Last updated: April 2026. What we collect, why, and how to ask us to change or delete it — in plain language.

Free Mind Hypnotherapy ("we," "us," "our") is committed to protecting your privacy. This policy explains what personal data we collect, why we collect it, and how we handle it — in plain language, not legal boilerplate.

Who we are

Free Mind is a hypnotherapy practice operated by Tim Saenen and Damien Delhaye, with locations in Antwerp and Brussels, Belgium.

Data controller: Tim Saenen
Email: tim@free-mind.be
Address: Van der Sweepstraat 5, 2000 Antwerpen, Belgium

What we collect

When you contact us. If you use our contact form or email us, we collect your name, email address, and the content of your message. We use this only to respond to your inquiry. We do not add you to any mailing list without your explicit consent.

When you book a session. Bookings are processed through Cal.com. When you book, Cal.com collects your name, email, and any information you provide in the booking form. We receive your booking details in order to conduct your session.

When you make a payment. Payments are processed through Mollie (a Belgian payment provider) and/or Stripe. We never see, store, or have access to your full credit card number, bank account details, or Bancontact credentials.

When you visit our website. We use Plausible Analytics, a privacy-focused analytics tool hosted in the EU. Plausible does not use cookies, does not collect personal data, and does not track you across sites. No cookie consent banner is required under GDPR because no personal data is processed.

Our site is hosted on Cloudflare Pages. Cloudflare may process your IP address for security and performance purposes (DDoS protection, CDN routing).

When you download our guided audio. If you provide your email to receive the recording, we use it only to deliver the audio and, if you opt in, to send occasional updates about our practice. You can unsubscribe at any time.

During therapy sessions. You may share sensitive personal information including details about your mental health, physical health, relationships, and intimate experiences. This information is treated with the highest level of confidentiality. We do not record sessions without your explicit written consent. Session notes, if taken, are stored securely and are accessible only to your therapist.

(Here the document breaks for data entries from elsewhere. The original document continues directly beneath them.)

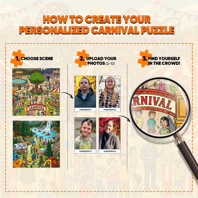Step into a lively illustrated world with this Personalized Wimmelbilder Puzzle, a fun and heartwarming way to turn your photo into an interactive cartoon crowd scene. Inspired by classic “find yourself” Wimmelbilder puzzles, this design transforms real people into charming cartoon characters hidden among joyful moments — inviting you and your loved ones to search, discover, and smile together.
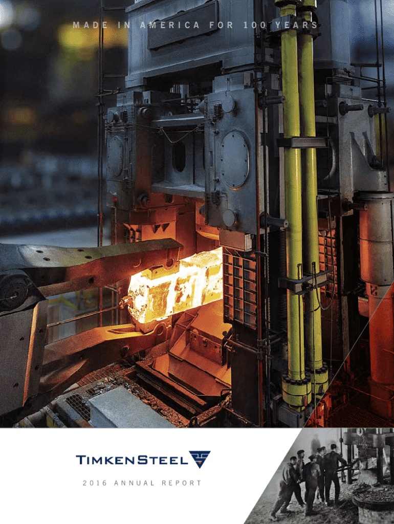 M A D E2 016I NA M E R I C AA N U A LR E P O R TF O R10 0Y E A RS With 100 years of technical innovation at our core, TimkenSteel thrives on challenges.
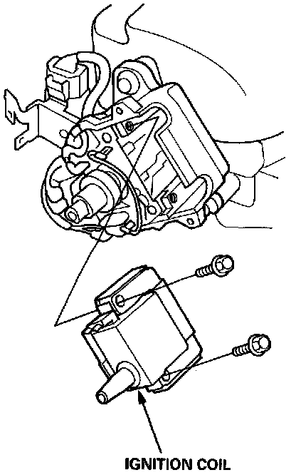 3. Remove the two bolts, and slide the ignition coil out of the distributor ignition (DI) housing.
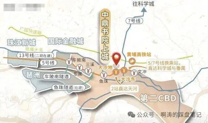 5号线大沙地站距离约800米,7号线二期大沙东站已开通,13号线裕丰围站也在规划之中,这三个地铁站都非常重要,构成了黄金3地铁交汇
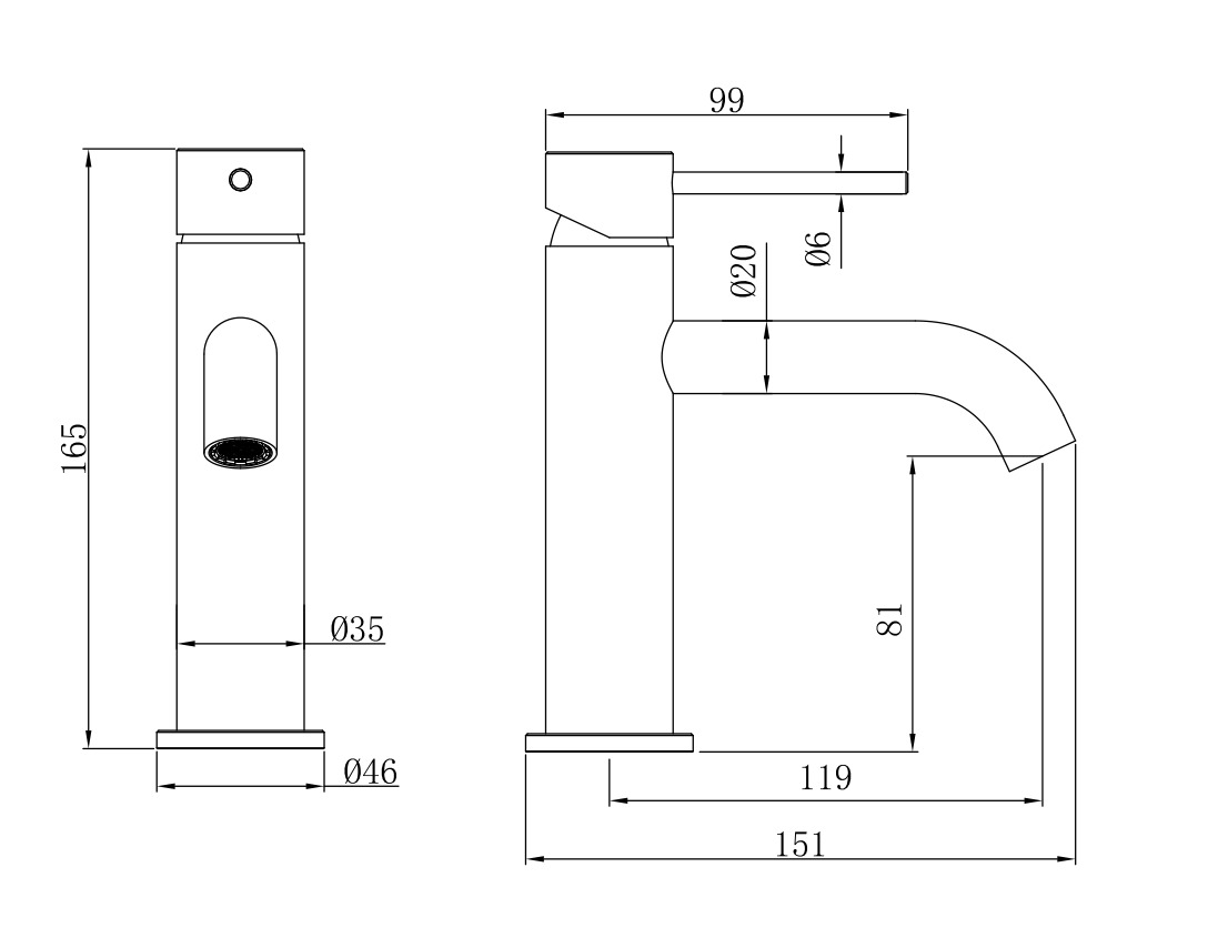 - Hauteur du robinet : 16,5 cm

Legal basis for processing

Under GDPR (Article 6), we process your data based on:

Consent — when you contact us, book a session, or sign up for our mailing list, you give consent to process the data required for that purpose.

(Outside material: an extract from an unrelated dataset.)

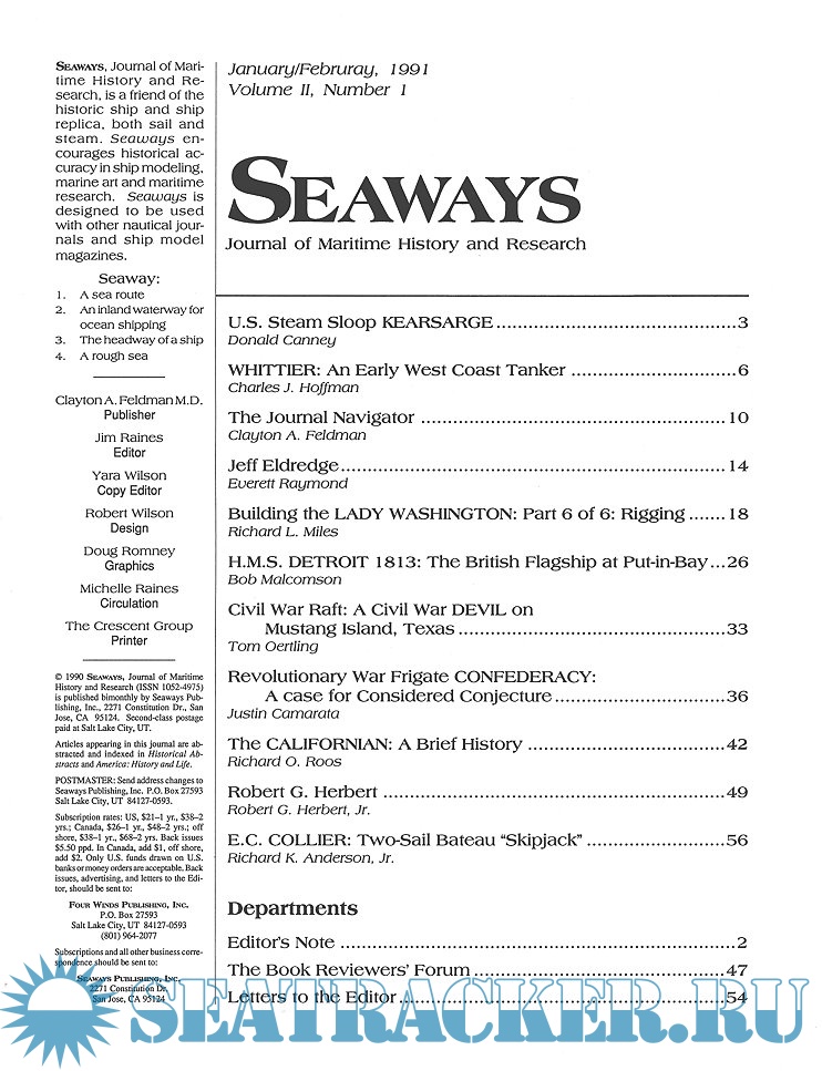Year: 1991 Language: English Author: Seaways volume 1 №1 Genre: Normative document Edition: 1991-1 Format: PDF Quality: Scanned pages Pages count: 64 Description: Seaway is the home port for Seaways Ships in Scale magazine, the leading workshop and research magazine for the ship modeler. In the magazine we explore all levels of modeling experience, all types of ships, all kinds of models, all historical eras and all construction materials

Contract performance — when you book and attend a session, we process data necessary to deliver the service you've requested.

Legitimate interest — we use aggregate, anonymous analytics data to understand how visitors use our site and to improve our services.

Health-related data shared during sessions is considered special category data under GDPR Article 9. We process this data based on your explicit consent, given when you engage our services.

How long we keep your data

Contact form messages: deleted after 12 months unless the inquiry leads to an ongoing client relationship.

Booking records: retained for 2 years for administrative purposes, then deleted.

Session notes: retained for the duration of the therapeutic relationship plus 5 years (in line with Belgian professional standards), then securely destroyed.

Payment records: retained as required by Belgian tax law (7 years for financial records).

Mailing list: until you unsubscribe.

Your rights under GDPR

You have the right to:

Access — request a copy of the personal data we hold about you.
Rectification — ask us to correct inaccurate data.
Erasure — ask us to delete your personal data ("right to be forgotten").
Restriction — ask us to limit how we use your data.
Portability — request your data in a structured, machine-readable format.
Objection — object to our processing of your data.
Withdraw consent — at any time, without affecting the lawfulness of processing before withdrawal.

To exercise any of these rights, email tim@free-mind.be. We will respond within 30 days.

Third-party services

We use the following third-party services that may process your data:

Cloudflare (USA/EU) — website hosting and security. Privacy policy.
Plausible Analytics (EU — Germany) — anonymous website analytics. Data policy.
Cal.com (USA/EU) — booking management. Privacy policy.
Mollie (Netherlands) — payment processing. Privacy policy.
Stripe (USA/EU) — payment processing. Privacy policy.

Data transfers outside the EU

Some of our service providers (Cloudflare, Cal.com, Stripe) may transfer data outside the European Economic Area. Where this occurs, these transfers are protected by Standard Contractual Clauses (SCCs) or adequacy decisions as required by GDPR Chapter V.

Security

We take reasonable technical and organizational measures to protect your data, including encrypted connections (HTTPS), secure password practices, and limiting data access to only the therapist you work with.

Complaints

If you believe your data rights have been violated, you may lodge a complaint with the Belgian Data Protection Authority:

Autorité de protection des données / Gegevensbeschermingsautoriteit
Rue de la Presse 35 / Drukpersstraat 35, 1000 Bruxelles
www.dataprotectionauthority.be
+32 2 274 48 00

Changes to this policy

We may update this policy from time to time. Material changes will be noted with a revised "last updated" date at the top.